--- Source information Enclosed Below ---

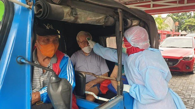 Pada video tersebut terlihat dua lansia duduk di kursi penumpang bajaj. Keduanya melakukan vaksinsasi Covid-19 untuk booster secara drive thru.
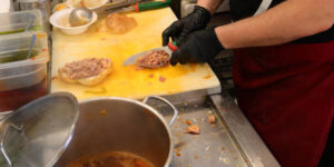 - Servizio street food: tagliare un panino a metà, inzuppare la mollica nel brodo, farcirlo con lampredotto e condire con salsa verde o piccante.
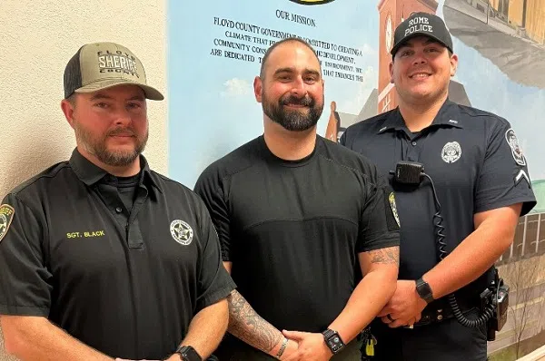 Two Floyd County Sheriff’s Deputies and one Rome Police Officer were honored during Tuesday’s Floyd County Commission meeting for their actions in rendering aid to citizens in need during a couple of incidents last month.
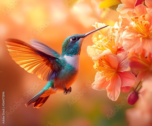 © BAYC, Fototapeta premium Flying hummingbird in a blooming garden
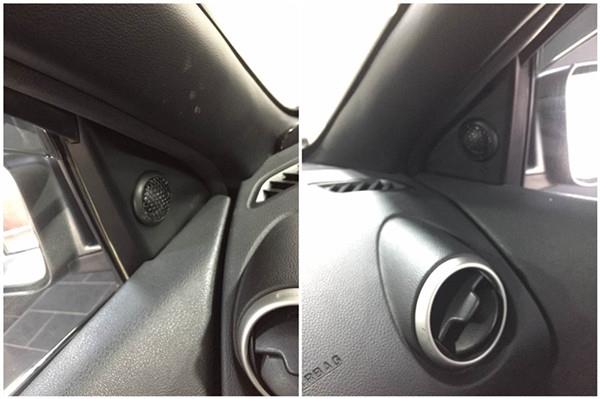 前聲場(chǎng)選用了一套英國(guó)正弦波S3兩分頻喇叭,其中高音單元倒膜安裝在車門三角位上,結(jié)合起來讓聲音穿透性和聲場(chǎng)相位更為精準(zhǔn),聲音表現(xiàn)細(xì)節(jié)豐富;而6.5寸中低音單元?jiǎng)t安裝在前門原喇叭位置,專用木墊圈和防水罩的安裝,保證了喇叭能夠輸出超穩(wěn)定的音質(zhì)。
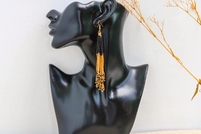 African Beaded earrings, Beaded Fringe earrings, Elegant earrings, Tribal earrings, Boho earrings
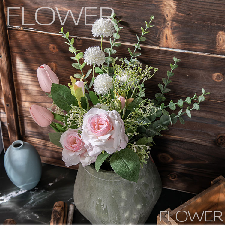Welcome to our beautiful collection of artificial flowers! We are excited to introduce our latest addition, Item No. CF01182, the Artificial Rose Tulip Dandelion Bouquet. This stunning bouquet is made of high-quality fabric and plastic, and is the perfect decoration to add a touch of elegance to any room or occasion.

--- End of Enclosed Source information ---

→ Instructions to follow:
Return exactly, with no pictures, each line from the one that contains "前聲場(chǎng)選用了一" through the end of the entries above, both ends included.

→ Answer area:
 前聲場(chǎng)選用了一套英國(guó)正弦波S3兩分頻喇叭,其中高音單元倒膜安裝在車門三角位上,結(jié)合起來讓聲音穿透性和聲場(chǎng)相位更為精準(zhǔn),聲音表現(xiàn)細(xì)節(jié)豐富;而6.5寸中低音單元?jiǎng)t安裝在前門原喇叭位置,專用木墊圈和防水罩的安裝,保證了喇叭能夠輸出超穩(wěn)定的音質(zhì)。
 African Beaded earrings, Beaded Fringe earrings, Elegant earrings, Tribal earrings, Boho earrings
Welcome to our beautiful collection of artificial flowers! We are excited to introduce our latest addition, Item No. CF01182, the Artificial Rose Tulip Dandelion Bouquet. This stunning bouquet is made of high-quality fabric and plastic, and is the perfect decoration to add a touch of elegance to any room or occasion.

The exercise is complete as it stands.